October Horrorshow: Exeter

It is a film like Exeter that makes me question this little film criticism hobby of mine. This movie is a bottom-feeding piece of shit, and no one should need any Johnny Come Lately critic to tell them so. It was released direct-to-video and has a Rotten Tomatoes rating below 30%. What more can I add? Not much, to be frank. But this film has done something meaningful when it comes to the Horrorshow. This will be the last low-budget shitfest that I found on Netflix that I will be reviewing. Netflix is a fine service...for television. But when it comes to film, Netflix is a showcase for the worst films Hollywood and elsewhere has to offer. It’s in Netflix’s interest to keep licensing fees for the movies it carries as low as possible. Producers of top-grossing films, which are still making money in direct sales, have no incentive to move their films onto something like Netflix or Amazon Prime until the money stream slows. That means that quality is subjugated to affordability, and we viewers get shit like Exeter.

There are only 31 days in October, and I will no longer waste what little is left of the month on anonymous garbage I found while browsing Netflix.
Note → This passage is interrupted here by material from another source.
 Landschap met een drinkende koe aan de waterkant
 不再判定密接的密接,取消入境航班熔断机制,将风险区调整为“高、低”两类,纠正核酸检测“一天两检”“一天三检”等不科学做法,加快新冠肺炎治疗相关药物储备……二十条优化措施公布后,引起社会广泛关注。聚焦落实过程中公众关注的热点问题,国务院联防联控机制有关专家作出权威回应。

I owe it to myself, and to my Loyal Seven readers.

But, since I’m already here...

Exeter is a little flick from director Marcus Nispel and screenwriter Kirsten Elms. It follows a group of hard-partying teenagers who accidentally awaken a demon, or some such, while fooling around in an abandoned asylum for feeble minded children.

Once upon a time, I used to be into urban exploration, crawling around in abandoned buildings taking pictures. Old hospital and asylum buildings are the best. Besides old industrial spaces, hospital buildings are our most plentiful abandoned commercial spaces. On the east coast, where I live, there isn’t a corner from Boston to D.C. where a person could stand without being within a couple miles of an abandoned hospital. For whatever reason, when a hospital closes, it tends to stand for a very long time before it’s ever used again.
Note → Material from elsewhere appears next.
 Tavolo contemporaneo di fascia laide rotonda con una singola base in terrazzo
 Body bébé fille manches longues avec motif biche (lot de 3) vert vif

And these places aren’t empty. Were one to climb through a shattered window or squeeze through a mangled doorframe, one would be confronted with winding halls and discarded medical equipment. There are silent, sunny day rooms on upper floors and dark, eerie morgues down in basements. Sometimes there are labs with jars holding dark-colored liquids and obscured medical samples. There might be offices with old IBM Selectrics or Wang word processors. There might be wheelchairs and gurneys galore, the hospital closed with such haste that this useful equipment never found a new home. The peeling paint and sun-bleached detritus of an abandoned hospital have an aesthetic appeal that many can’t see. But for those who do, these aged and decrepit places have just as much attraction as anything hanging in a museum. And that’s before considering the adrenaline rush that comes with exploring spaces where one is not supposed to be.

The downsides to urban exploration include the risk of arrest (not as great as one would think, but still a concern), and exposure to asbestos. The best abandoned locations are showing their age. A recently vacated space has yet to acquire the right patina. But places where the paint is peeling or the plaster is falling off the walls will have air choked with dust, and that dust will have some very nasty shit in it. But the most dangerous aspect of exploring an abandoned building is the condition of floors and stairs. More than once my exploring partners and I (never explore alone) would look down a hallway or up a set of stairs and call no joy, fearful of taking a long fall. Water and time wreak havoc on a building’s structural integrity, and one has to tread lightly and with surety.

So, the reason I watched Exeter was that it was filmed in an abandoned hospital, and I dig a location like that. That’s it. I knew going in that watching this movie would be a slog, but I didn’t realize how much of one. I paid attention to all the different directions in which the plot went flying, but still couldn’t attach any coherence to it. There seemed to be little care shown to the craft of filmmaking with Exeter, it having the feel of what a room of suits think a horror film should be. For all I know, that is the exact opposite of the filmmakers’ intentions, but I can only give my takeaway.

Exeter is a joyless, nonsensical mess. At least it had a neat location. Exeter is a far worse film than Alien: Resurrection.